The gel is administered orally by inserting the nozzle of the syringe through the interdental space and depositing the required amount of gel on the back of the tongue. Before administration, the syringe should be adjusted to the calculated dosage by setting the ring on the plunger.

It is advisable to administer the product before feeding.

Do not use in animals suffering from alimentary tract disorders, impaired heart, liver or kidney function.

Do not use in lactating animals. Do not use in foals under the age of six months. Quadrisol must not be given with other non-steroidal anti-inflammatory drugs (NSAID’s) or glucocorticosteroids.

Undesirable effects

Typical NSAID side effects include lesions and bleeding in the alimentary tract, diarrhoea, urticaria, lethargy and inappetence. If symptoms occur, treatment should be discontinued. Symptoms are reversible. Overdosing may lead to death of treated animals.

If you notice any other side effects, please inform your veterinary surgeon.

Warnings

The safety of the veterinary medicinal product has not been established during lactation. Quadrisol 100 mg/ml can be used during pregnancy.

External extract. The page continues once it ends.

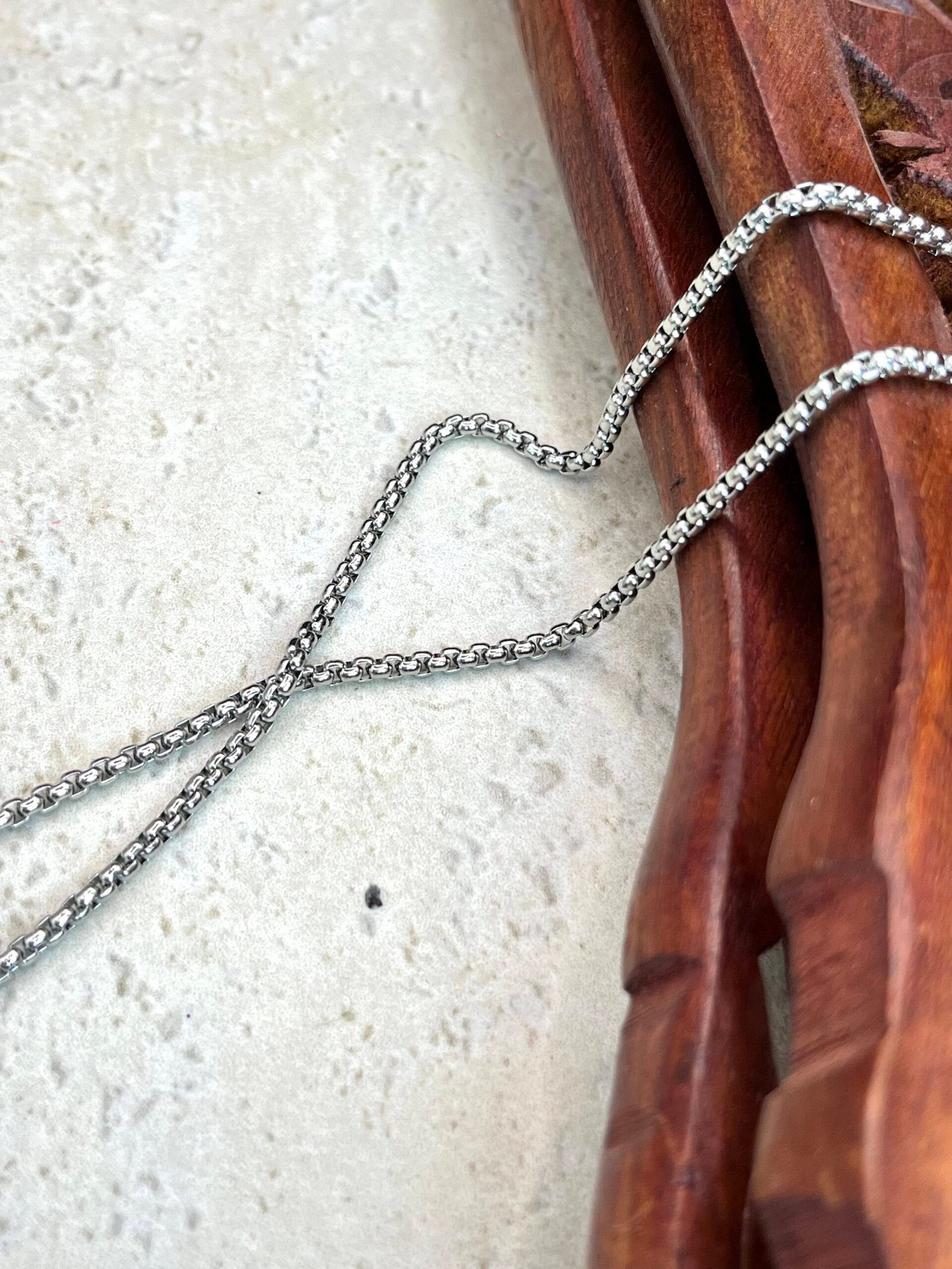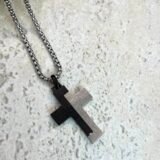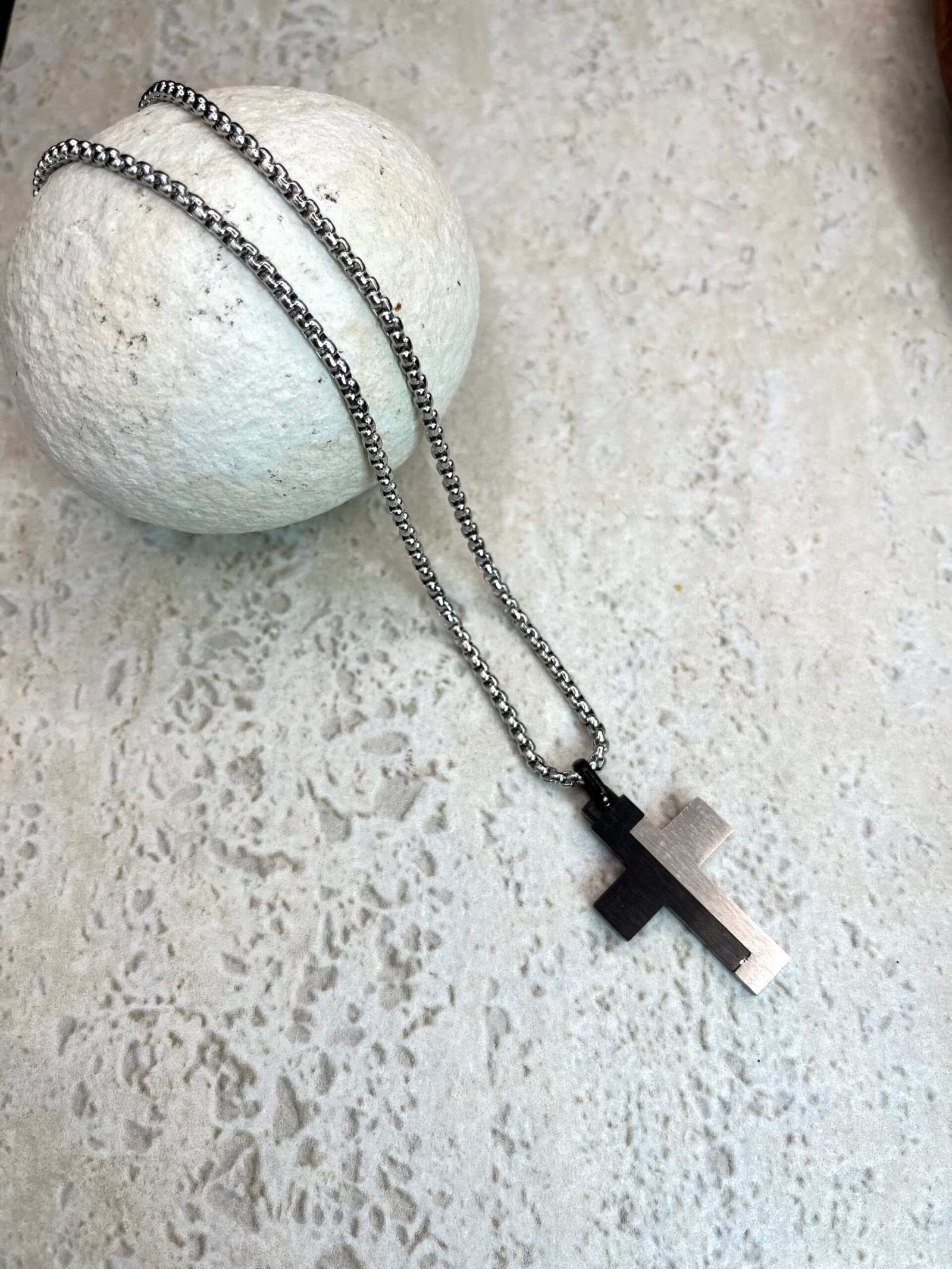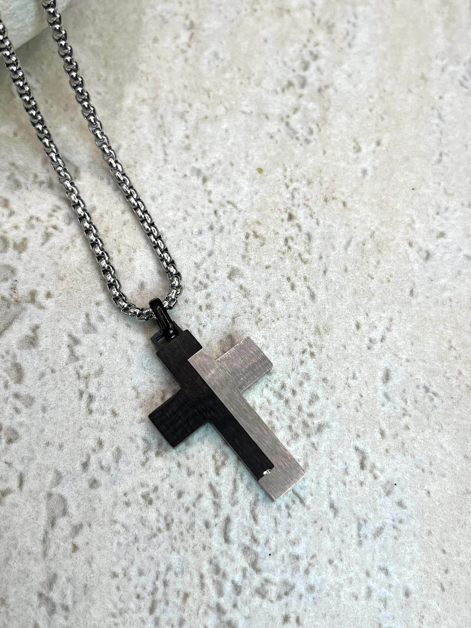 Ατσάλινος σταυρός με ιδιαίτερο σατινέ σχέδιο ασημί και μαύρου χρώματος, σε αλυσίδα με πυκνή πλέξη. Διαθέτει προέκταση.

Horses with oral lesions should be assessed clinically and a decision should be taken by the attending veterinary surgeon as to whether treatment should be continued. Horses with persistent signs of oral lesions should not be treated. Horses should be monitored for oral lesions during treatment.

Avoid use in any dehydrated, hypovolaemic or hypotensive animals as there may be potential risk of increased renal toxicity. Horses intended for racing and competition should be treated according to local requirements. Appropriate precautions must be taken for such horses to ensure compliance with competition regulations. In case of doubt, it is advisable to test the urine.

For animal treatment only. Keep out of the reach of children.

Withdrawal period

Meat and offal: 12 days

Store between 15°C and 25°C.

Shelf life after first opening of the product: two months.

Do not use after the expiry date stated on the label.

Unused product and containers should be disposed of in accordance with any guidance from an appropriate waste regulation authority, e.g. the local office of the Environment Agency or SEPA.